The industry loves to speak of “disruption” and “responsibility”. Here is the test of both. You cannot claim to secure users while enabling mass insecurity for civilians, nor boast of “connecting the world” while working with those who erect digital walls and checkpoints.
The Line Is Clear
If you are still unsure where your company stands:
- If your vendors, investors, or R&D partners are Israeli defence contractors or ex-IDF intelligence officers – you are funding genocide.
- If your venture arm invests in Israeli tech while Gaza starves – you are funding genocide.
- If you continue doing business with companies complicit in war crimes while issuing hollow statements about “human rights” – you are funding genocide.
Silence is endorsement. History will record those who profited while others perished.
The Call to Action
I write not as an activist but as a technology professional who believes our work should protect, not destroy.
Audit your relationships. End contracts that feed Israel’s military-occupation complex. Divest from companies entangled in war crimes. Use your position to make clear that your organisation will not participate in atrocity.

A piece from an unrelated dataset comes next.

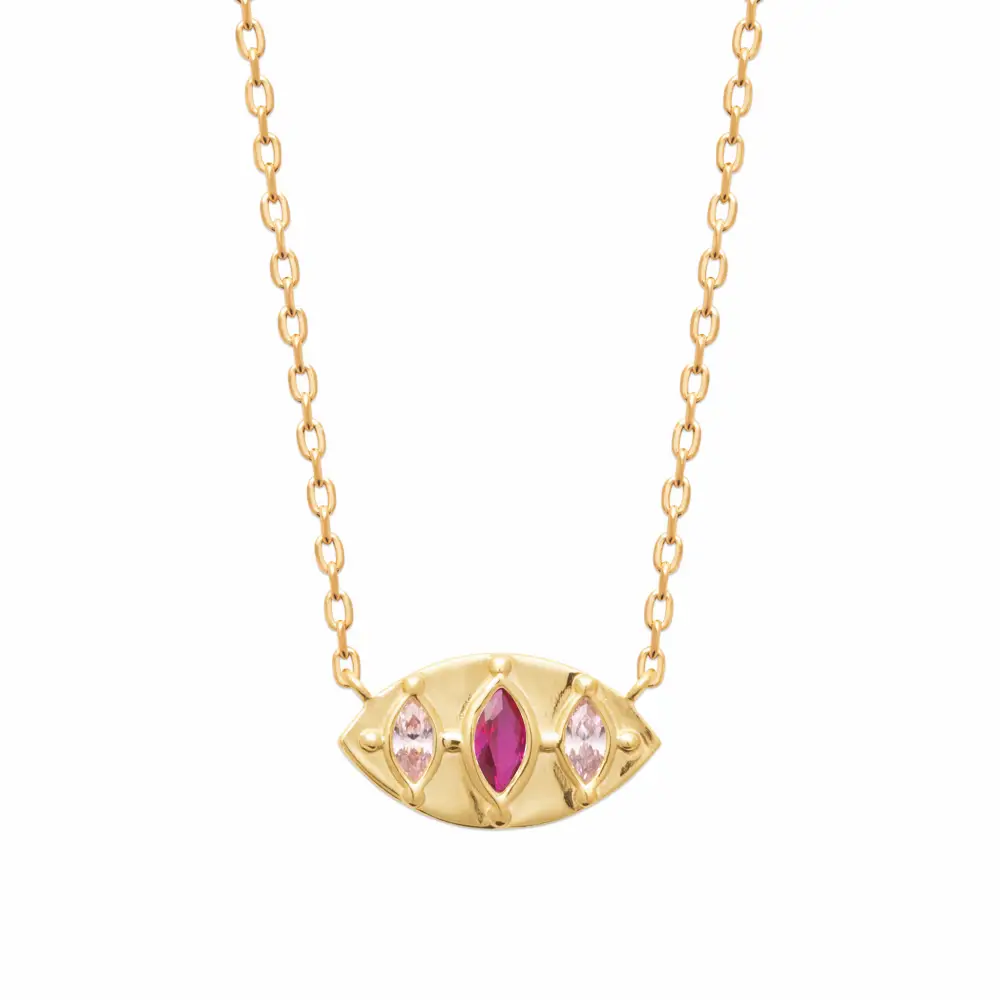Ce collier en plaqué or présente un pendentif aux formes géométriques, où les losanges se rencontrent dans une harmonie de couleurs. Au centre, un rubis synthétique, flamboyant et vibrant, est flanqué de deux quartz roses synthétiques, évoquant une palette de douceur et de force. L’éclat du rubis apporte une touche de passion, tandis que le quartz rose diffuse une aura d’affection et de calme, le tout mis en valeur par le cadre doré.

It will not be easy. Leadership rarely is. But values – not valuations – define legacy.
Do something. Stop funding genocide.
Because when history asks what you did, neutrality will not be an acceptable answer.
History has seen this before.
IBM built the systems that catalogued Jews for deportation. Siemens, Volkswagen, BMW, Bosch, Bayer, and Allianz all profited from Nazi oppression and later claimed they were “just doing business.”
Decades on, their names are remembered not for what they built, but for what they enabled. When the history of this genocide is written, it will judge today’s boardrooms the same way.
You cannot plead neutrality while funding oppression.
The only question that remains is which side of that history you will stand on.